Pretty soon, a man at the table closest to the stage started trying to grab her leg and she moved to the other side of the platform.  Then, he stretched his body way over the stage and grabbled Bambi by her foot and began to pull her toward him.  She was doing her best to continue with the song and hobble on one leg.  I had endured this long enough and got up, went over to him and said, “Leave her alone pal, she’s trying to do her act here.”  He eyed me with scorn and reared back to swing at me.  I stepped to the side and he hit thin air.  I tried to reason with him, since he didn’t seem drunk and said, “She doesn’t want anything to do with you, idiot!”  Again he swung at me.  I decided enough was enough.   

All the strenuous training I had gone through for the last nine weeks had left me with a solid “physique” and I caught his fist with my left hand and “clocked” him one blow full in the face with my right fist.  He staggered back, cleared a table, fell over a couple of chairs and lay still on the floor.  I had only had two small fights in high school, which I lost and I couldn’t believe I had knocked this guy out “cold”.  Bambi screamed, jumped off the stage, went over to him and leaned down and touched his forehead.  Then she looked up at me and said, “You’re the idiot!” 

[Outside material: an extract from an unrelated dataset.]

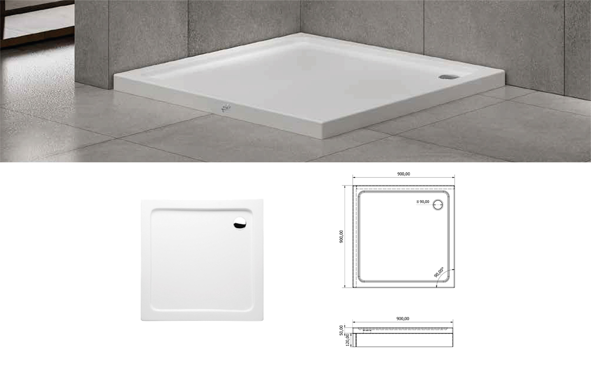 Düşük profili, kare flat duş teknesine modern bir görünüm kazandırır. Bu tasarım, banyo alanınızda daha geniş ve ferah bir his yaratır.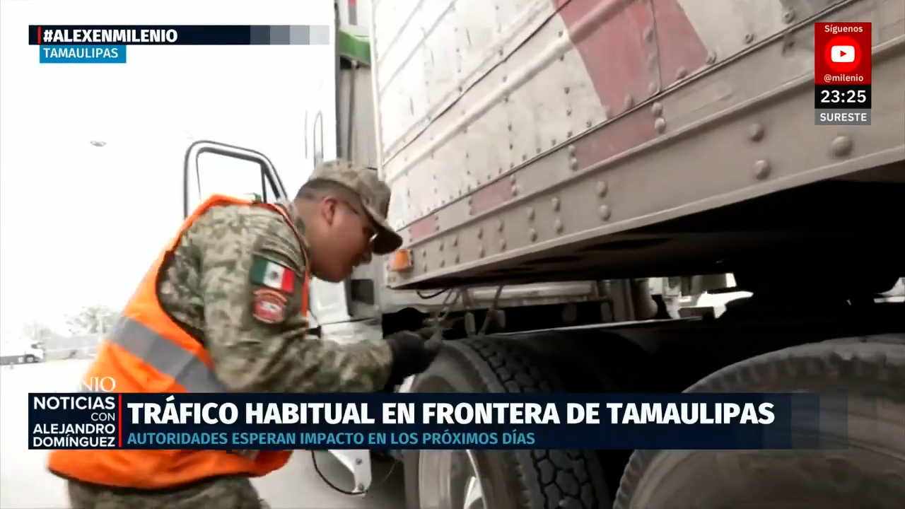 Elementos del ejército y comerciantes en Tamaulipas prevén el impacto de los aranceles impuestos por Trump en la economía fronteriza. -

Frank and Jack called me over the bar and Jack said, “That deserves a beer.  What a lucky punch!”  The bartender poured our drinks then said, “Yeah, a lucky punch okay, but only two things wrong with it that I could see.”  I was still feeling pretty cocky and asked him, “What are the two things wrong?”  He took a towel off his rack and started wiping a glass and said, “Well, in the first place, that guy you plastered is Bambi’s boyfriend.”  I retorted, “Yeah,  so what?  He was way out of line.  I don’t care if he is her boyfriend.  What else?"

He kept wiping the glass then said, “Second thing is her boyfriend is Mr. Del Gado, and he owns this bar.” 

Frank slapped me on the back because I was starting to choke on my beer.  The bartender put the towel over his shoulder and placed his hands on his hips as though he was asking, “What’s your next act buddy?”  We paid him and quietly left while Mr. Del Gado was coming out of his “nap”.  Then we mutually agreed that was enough “fun” for one night and decided to take in an all-night movie.. 

Epilog:  We frequented the bars in San Diego many more times before boot camp ended, but never set foot in the Metropolitan Bar again.  A few weeks later, we all went our separate ways and my first duty station was an assignment to the USS Whitehurst, a destroyer escort that was just coming out of dry dock in Long Beach. 

Moral: Word to the Wise – ‘never defend a stripper’.